Improving it and her belief in it will be critical to achieving her Grand Slam goal, and it held up well for much of the match Wednesday only to get shakier down the stretch in the second set as Raducanu targeted it repeatedly.

“I’m just happy that, I guess through the work that I did in the preseason, that it’s working out,” she said. “I know it’s one of the things that I needed to work on. I feel like it’s improving every match, every week.”

She certainly defended well off both wings Wednesday night, extending rallies and ultimately forcing Raducanu to go for too much.

“It’s difficult,” Raducanu said. “She is a great mover, great athlete — puts another ball in play, so you feel like you have to squeeze it closer to the line and then she kind of teases errors out of you that way.”

When Gauff served at 4-5 in the second set, Raducanu had command of both of the set points, dictating the patterns and terms of engagement only to miss when it came time to seal the deal.

Her backhand drop shot on the second set point would have clearly been a winner if it had crossed the net, but it hit the tape and fell back on Raducanu’s side of the court. In the tiebreaker, she lost three more key points when she was the one setting the tempo.

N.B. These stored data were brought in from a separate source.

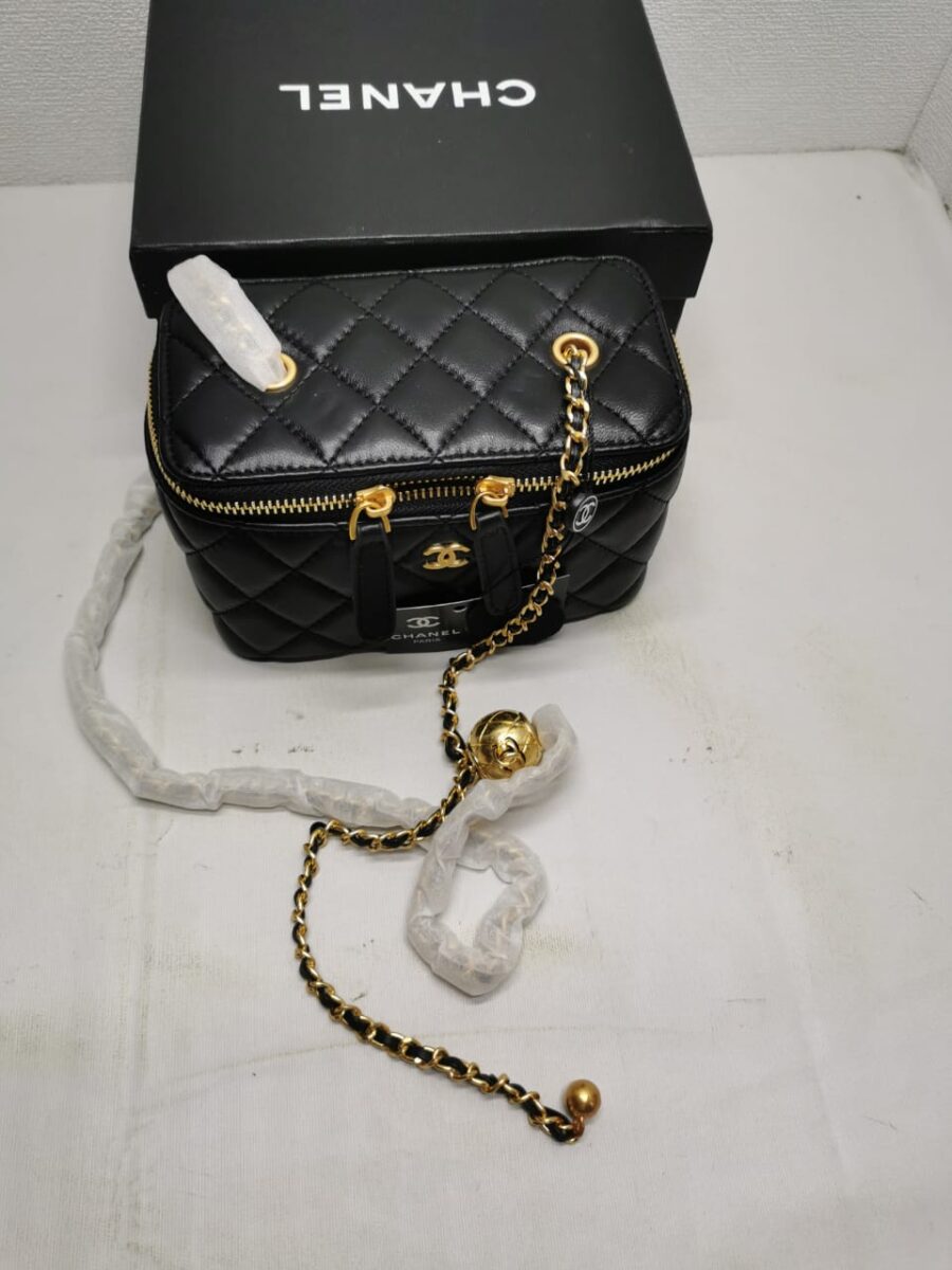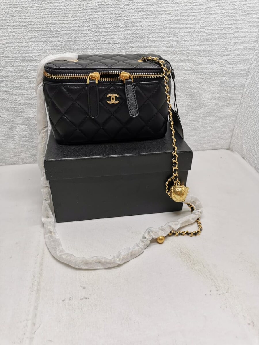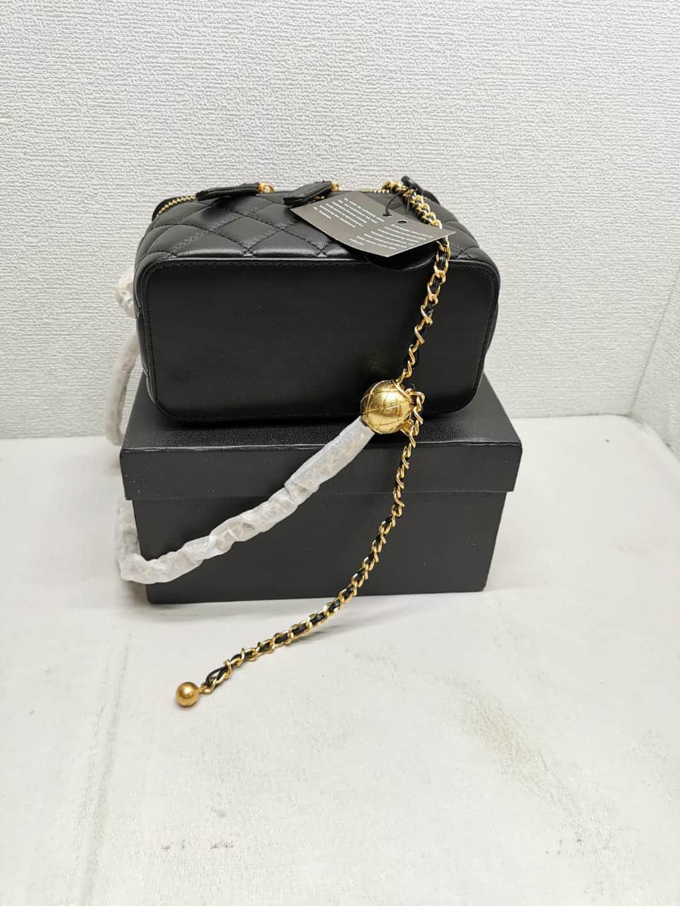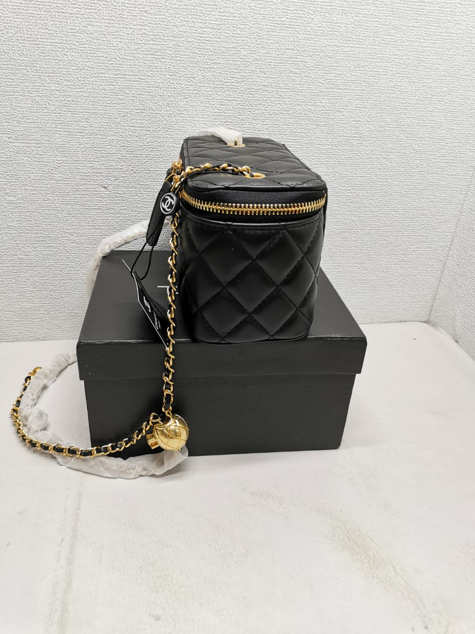 Chanel//Pearl Crush Vanity Case With Chain//Black//17cm
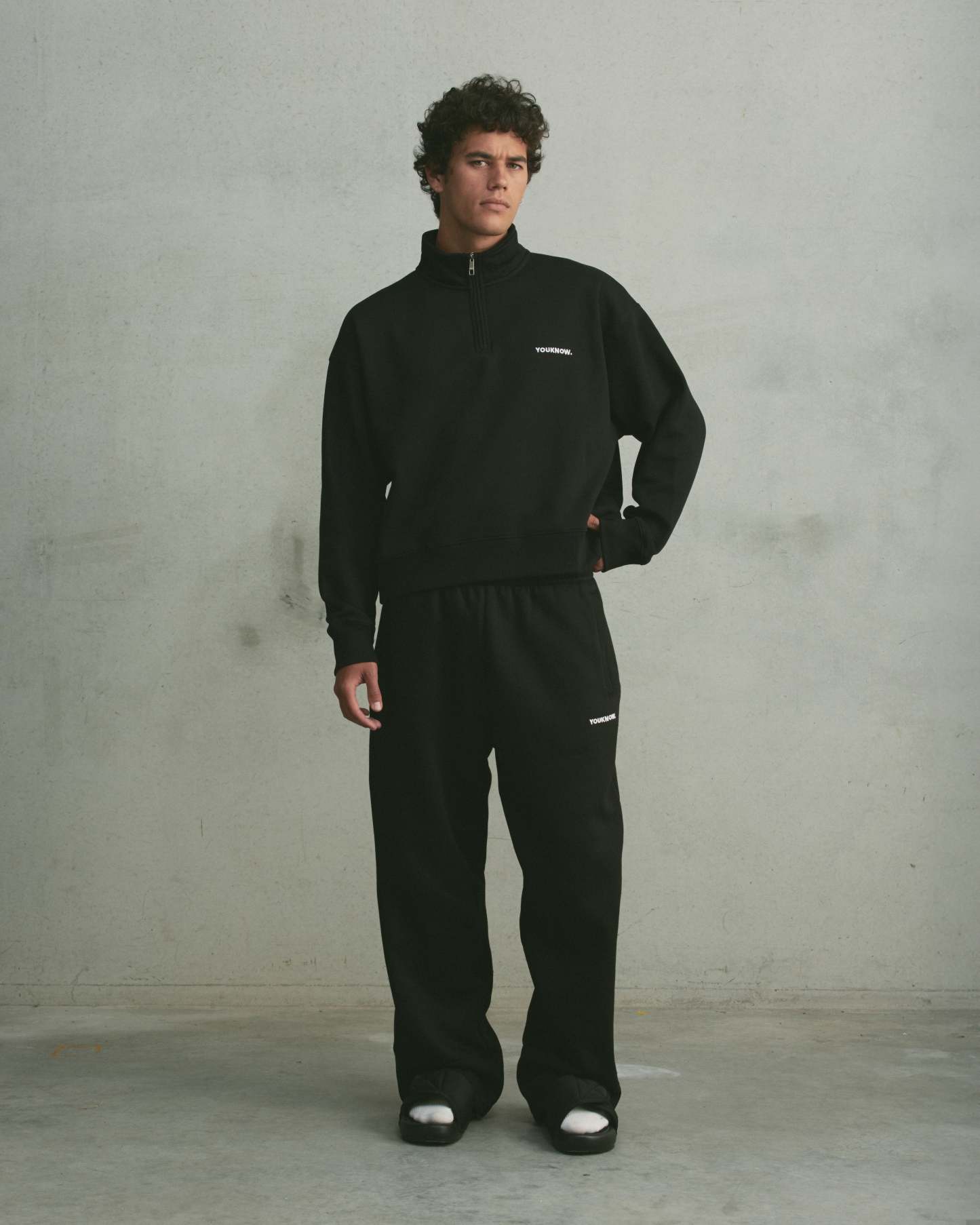 The Core Wide Leg Sweatpants feature a relaxed wide-leg silhouette with side pockets and a subtle embroidered logo, designed for effortless, everyday wear.
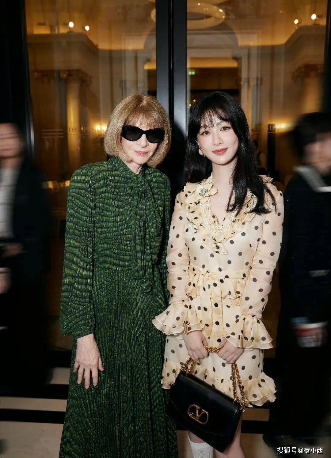 搭配上,杨紫也花了不少心思,她手持一款黑色的手提包,包身的金色品牌标识在灯光下闪耀着精致的光芒,与波点裙形成色彩上的呼应与对比,既提升了造型的精致度,又让整体搭配更具层次感。脚上的白色长筒袜更是点睛之笔,白色与裙身的米色相衬,和谐又清新,高跟凉鞋则为造型注入了一丝妩媚的气息。
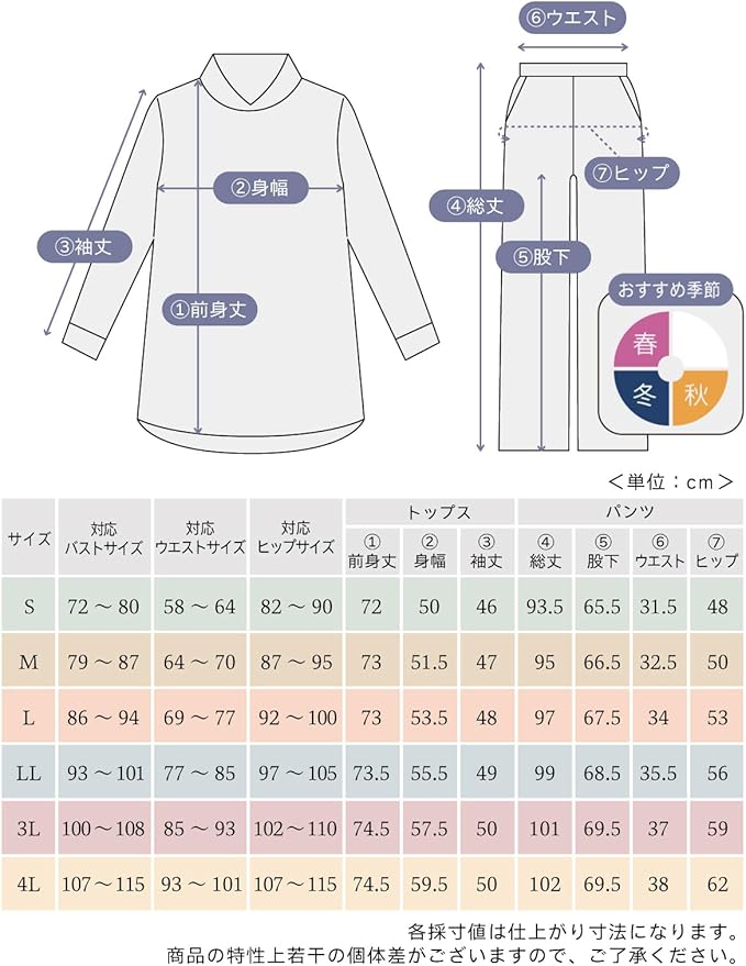 対応ヒップサイズ:S/82~90cm、M/87~95cm、L/92~100cm、LL/97~105cm、3L/102~110cm、4L/107~115cm

“I think 13 days ago if you would have told us, ‘Hey, you’re going to be in the draw and win a round, it would have been a massive effort for sure,’” Raducanu said. “Saying that, I still think I didn’t necessarily play my best today. Although in the second set I had chances and we were pushing it, I still felt like I could have done better. But props to her.”

Raducanu and Gauff had never even practiced together, but when it was over Wednesday, the handshake gave way to a friendly embrace at the net. They are based an ocean apart: Raducanu in Britain; Gauff in Florida. But they are both bright and personable with a growing list of sponsors and commitments.

“I think that we’re going to be playing each other many times in the future as we’re both young and coming,” Raducanu said. “We’re going to be the next generation.”

Both would embrace more matches against each other. The men’s game has been awash in transcendent rivalries for decades: from Bjorn Borg and John McEnroe to Rafael Nadal and Novak Djokovic. But the women’s game has often lacked that sort of anchor, and Ashleigh Barty’s sudden retirement last March at age 25 and while ranked No. 1 will only make it more challenging to develop.

Gauff, who is wise beyond her 18 years, is focusing on the long view after suffering from putting too much emphasis on the short term.

“For me, last year was my first full year on tour. I think last year was her first year as well,” she said of Raducanu. “I think it’s something people need to remember and be reminded of.”

She hopes people give her at 18 and Raducanu at 20 more time and room to ride the learning curve, and she acknowledged that she needed to find more joy in the process

“I feel like I’ve been on the opposite spectrum where I forget my age,” she said. “I almost put too much pressure on myself, wanting things now, now, now. I think I’ve taken a step back. I felt like I didn’t ever want to use my age as an excuse for losing or why I’m not accomplishing things. But I think it was putting too much pressure on myself.”